PATIENT CAME WITH CHIEF COMPLAINTS OF DEVIATION OF MOUTH TO RIGHT SIDE, WEAKNESS OF LEFT UPPER LIMB AND LOWER LIMB

 Case History and Clinical Findings:

 PATIENT CAME WITH CHIEF COMPLAINTS OF DEVIATION OF MOUTH TO RIGHT SIDE SINCE YESTERDAY NIGHT WEAKNESS OF LEFT UPPER LIMB AND LOWER LIMB SINCE MORNING 

HOPI:

PATIENT WAS APPARENTLY ASYMPTOMATIC TILL YESTERDAY NIGHT THEN DEVIATION OF MOUTH TO RIGHT SIDE AND TODAY MORNING PATIENT HAD DIFFICULTY IN WALKING DUE TO WHICH THEY VISITED A LOCAL HOSPITAL AND WAS TREATED CONSERVATIVELY AND SYMPTOMS DIDNT SUBSIDE AND WEAKNESS PROGRESSED AND WAS UNABLE TO WALK. NO H/O SLURING OF SPEECH, DROOLING OF SALIVA.

NO H/O OF LOSS OF CONSCIOUSNESS,NYSTAGMUS.

NO H/O OF HEAD TRAUMA. 

H/O OF FEVER,LOW GRADE SINCE TWO DAYS NOT ASSOCIATED COUGH, HEADACHE AND VOMITINGS .

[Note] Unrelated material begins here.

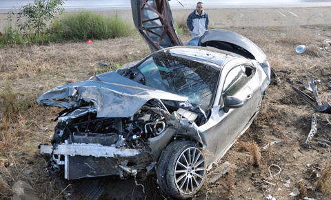 PD 777 plakalı aracıyla Girne’ye doğru seyreden 26 yaşındaki Erim Tandoğdu sağa meyilli virajda direksiyon hakimiyetini kaybetti. Yolun solundan çıkan araç yağmur drenaj çukuruna çarpıp havalandı. 35 metre havada savrulan araç bir otele ait 2 metre yüksekliğindeki reklam tabelasına vurdu. Yaralanan araç sürücüsü Erim Tandoğdu Lefkoşa Dr. Burhan Nalbantoğlu Devlet Hastanesi Cerrahi Servisi’nde müşahede altına alındı.

H/O OF ALCOHOL CONSUMPTION SINCE 15 YEARS (LAST BINGE YESTERDAY NIGHT)

PAST HISTORY:-

K/C/O TYPE 2 DM SINCE 10 YEARS (ON GLIMI-M2 TWICE DAILY ) NOT K/C/O HTN,CAD,CVA,THYROID DISORDERS,EPILEPSY,ASTHMA. 

PERSONAL HISTORY :

APPETITE NORMAL  

MIXED DIET 

SLEEP ADEQUATE 

BOWEL AND BLADDER MOVEMENTS- REGULAR 

ADDICTIONS: CONSUMPTION OF ALCOHOL 180 ML PER DAY 

GENERAL EXAMINATION :

PATIENT IS CONSCIOUS,COHERENT AND CO-OPERATIVE. 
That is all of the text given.